**Required work:** Your reply should restate the lines from the top of the entries through the line containing "of Salva. |" word for word, with no pictures.

**The input:**
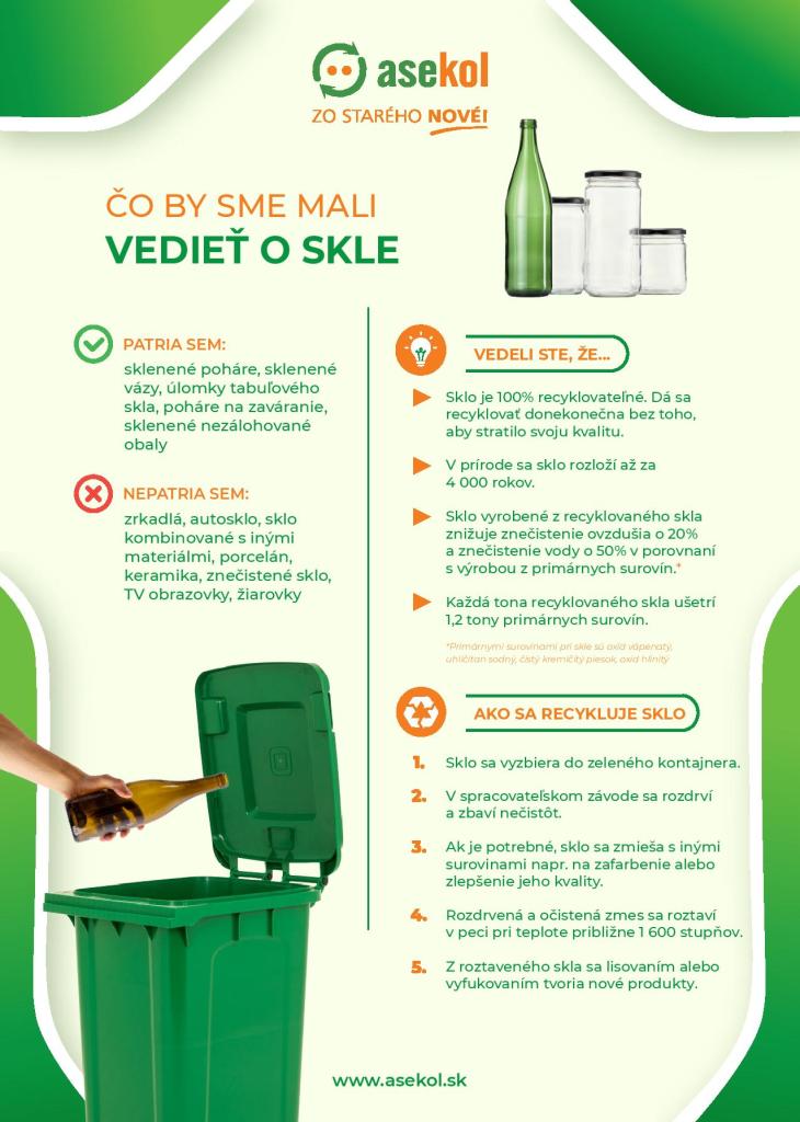 Do skla patria sklenené fľaše, poháre a iné sklenené obaly bez obsahu. Nepatria sem zrkadlá, autosklo, porcelán, keramika ani žiarovky. Sklo je stopercentne recyklovateľné a možno ho spracovávať opakovane bez straty kvality.
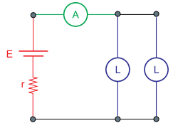 Um estudante tinha disponíveis um gerador elétrico de força eletromotriz E = 50 V e resistência interna r = 2 Ω, duas lâmpadas iguais com valores nominais (60 V – 100 W) e um amperímetro ideal, como representado na figura.
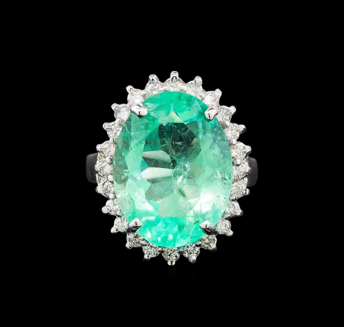 One electronically tested 14KT white gold ladies cast emerald and diamond ring with a bright polish finish. The featured emerald is set within a diamond floret supported by a ribbed under gallery, completed by a two millimeter wide band. Identified with markings of '14K'. Condition is new, good workmanship. Containing: One prong set oval modified brilliant cut natural emerald, measuring 16.64 x 12.79 x 7.63mm, exact weight 8.68ct., clarity is moderately included, type III, medium light, very slightly grayish, green color, (GIA G 4/3), cut is good. Transmitting light with a minimum of distortion, transparent. Naturally occurring internal & external characteristics are present. Moderate clarity enhancement. GIA Gemological Report attached. Graded loose prior to setting in the GIA Laboratory, Report #1176665515. Twenty-Four prong set round brilliant cut diamonds, measuring 1.80 - 1.70 x 1.05mm (depth est.) approximate total weight of 24 Stones = 0.52ct. Graded in the setting. Clarity SI-2 to I-2. Color: G - I. Total Weight of Colored Stones 8.68ct.. Total Weight of Diamonds 0.52ct.. Total Weight of Ring 7.78gm. AIG Appraised at $15,125.00.
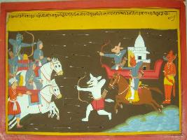 | Description / विवरण | Miniature painting based on Mahabharat - Vana parva depicting war between Chaturangi army and demon Salva. The arrow of Pradyuman destroys chariot of Salva. |
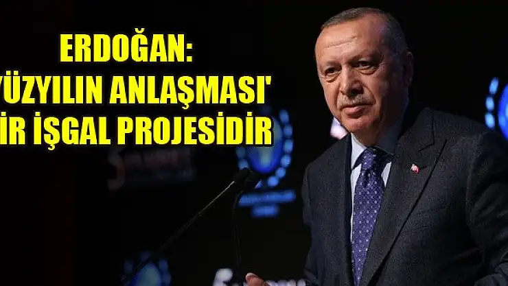 Cumhurbaşkanı Erdoğan, "'100 yüzyılın anlaşması' diyorlar. Ne anlaşması ya! Bu bir işgal projesidir." dedi.
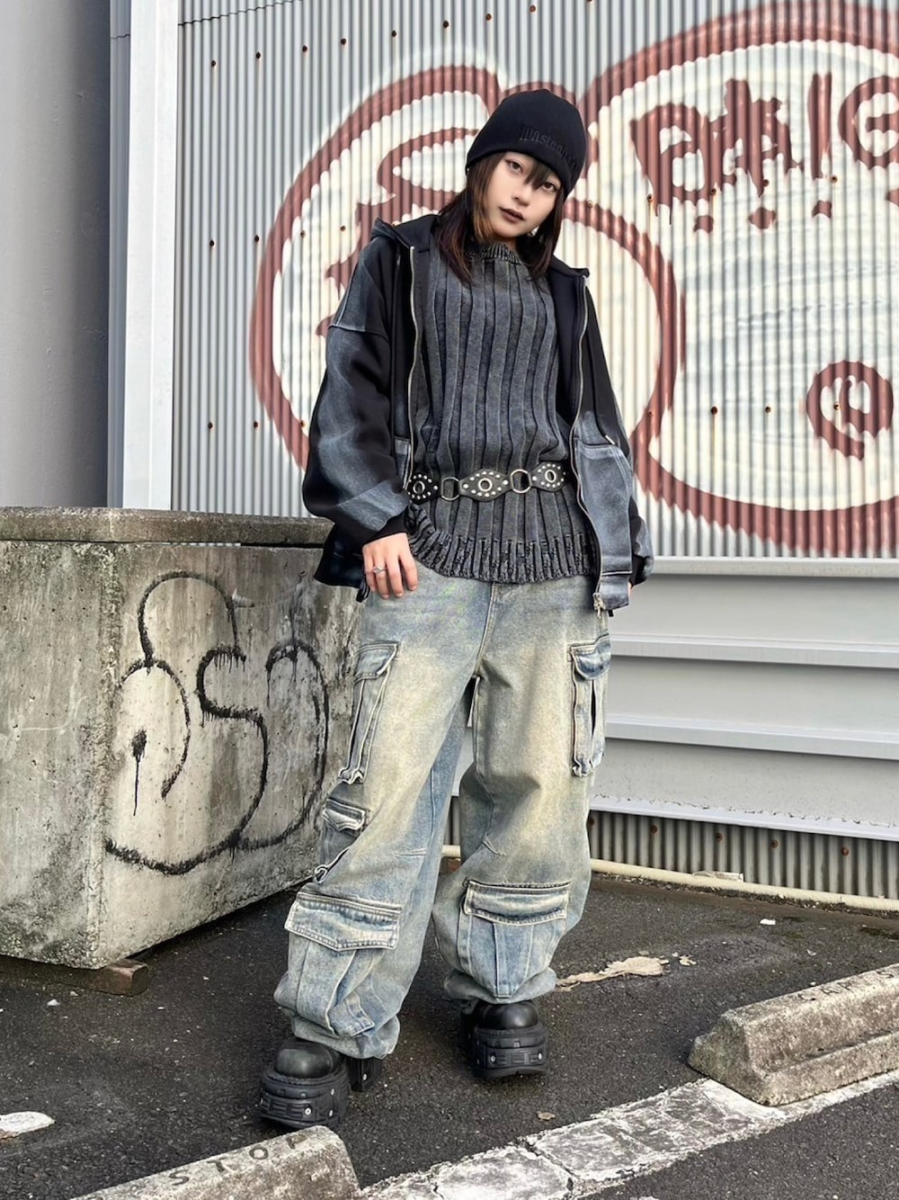 Never mind the XU / Chikashitsu+(Never mind the XU / Chikashitsu+)のデニムパンツ「【Never mind the XU】pocket cargo denim pants / 【ネバーマインド ザ エックスユー】ポケットカーゴワイドデニムパンツ」を使ったコーディネート
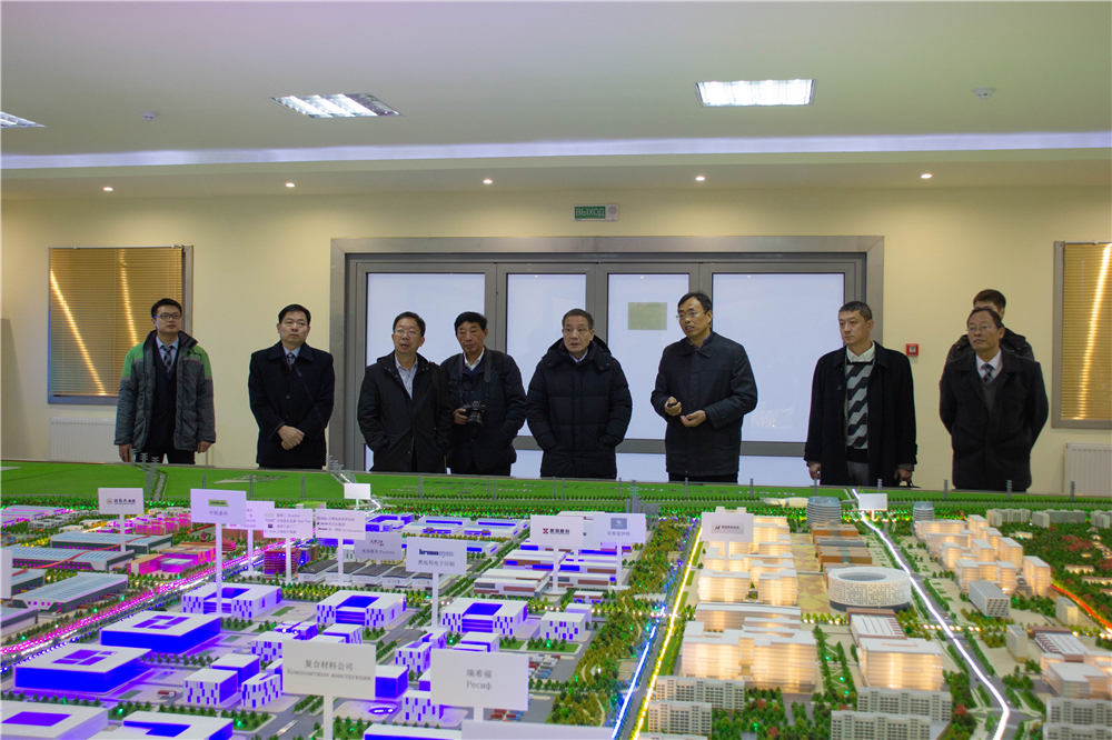 在規(guī)劃館內(nèi),徐保民向楊維剛一行介紹了園區(qū)發(fā)展歷史、基礎(chǔ)設(shè)施建設(shè)、園區(qū)管理架構(gòu)以及白俄羅斯、園區(qū)的地理優(yōu)勢等概況,并簡單闡述了園區(qū)產(chǎn)業(yè)方向和第166號總統(tǒng)令向居民企業(yè)所提供的優(yōu)惠政策。
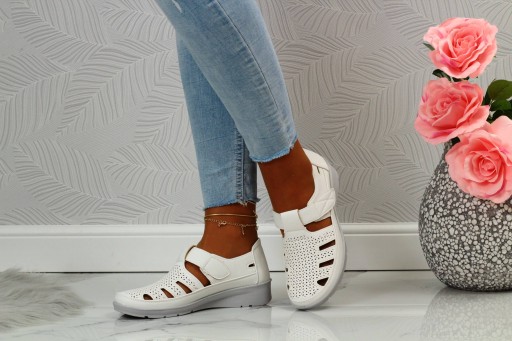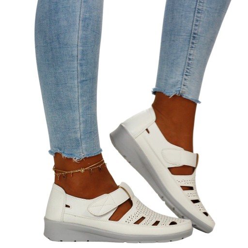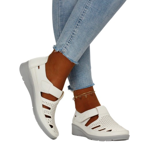 PÓŁBUTY DAMSKIE WIOSENNE RZEP AŻUROWE SKÓRA NISKIE Kod producenta 22T421 WHITE
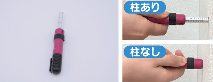 先端に付いた針を壁に垂直に差し込んで手応えがあれば裏側に柱があります。なければ何もなし。わかりやすくコンパクトな道具です。
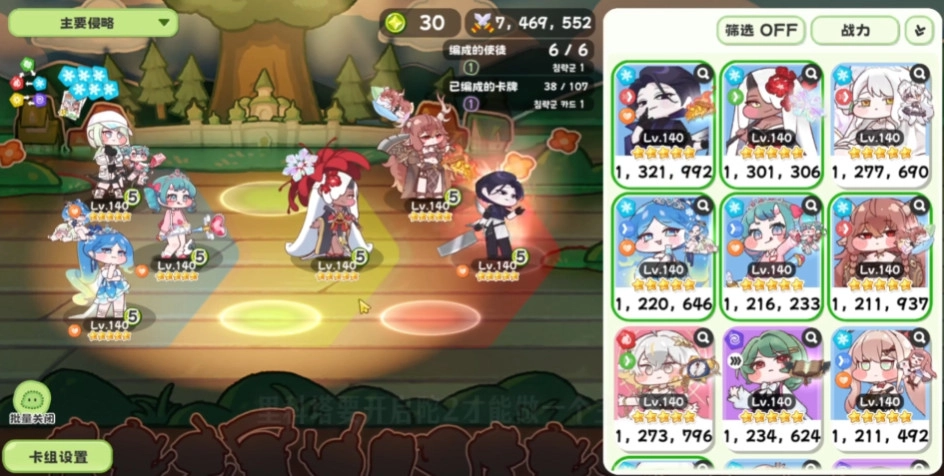 这段文本以持续压场和多段能量供给为主要特点,推荐的配置如下:尼尔、克萝伊、内蒂、戴安娜、莉妞瓦、茜斯特、爱丽丝、阿妮特、破朗、混沌琳。

**Worked solution:**
 Do skla patria sklenené fľaše, poháre a iné sklenené obaly bez obsahu. Nepatria sem zrkadlá, autosklo, porcelán, keramika ani žiarovky. Sklo je stopercentne recyklovateľné a možno ho spracovávať opakovane bez straty kvality.
 Um estudante tinha disponíveis um gerador elétrico de força eletromotriz E = 50 V e resistência interna r = 2 Ω, duas lâmpadas iguais com valores nominais (60 V – 100 W) e um amperímetro ideal, como representado na figura.
 One electronically tested 14KT white gold ladies cast emerald and diamond ring with a bright polish finish. The featured emerald is set within a diamond floret supported by a ribbed under gallery, completed by a two millimeter wide band. Identified with markings of '14K'. Condition is new, good workmanship. Containing: One prong set oval modified brilliant cut natural emerald, measuring 16.64 x 12.79 x 7.63mm, exact weight 8.68ct., clarity is moderately included, type III, medium light, very slightly grayish, green color, (GIA G 4/3), cut is good. Transmitting light with a minimum of distortion, transparent. Naturally occurring internal & external characteristics are present. Moderate clarity enhancement. GIA Gemological Report attached. Graded loose prior to setting in the GIA Laboratory, Report #1176665515. Twenty-Four prong set round brilliant cut diamonds, measuring 1.80 - 1.70 x 1.05mm (depth est.) approximate total weight of 24 Stones = 0.52ct. Graded in the setting. Clarity SI-2 to I-2. Color: G - I. Total Weight of Colored Stones 8.68ct.. Total Weight of Diamonds 0.52ct.. Total Weight of Ring 7.78gm. AIG Appraised at $15,125.00.
 | Description / विवरण | Miniature painting based on Mahabharat - Vana parva depicting war between Chaturangi army and demon Salva. The arrow of Pradyuman destroys chariot of Salva. |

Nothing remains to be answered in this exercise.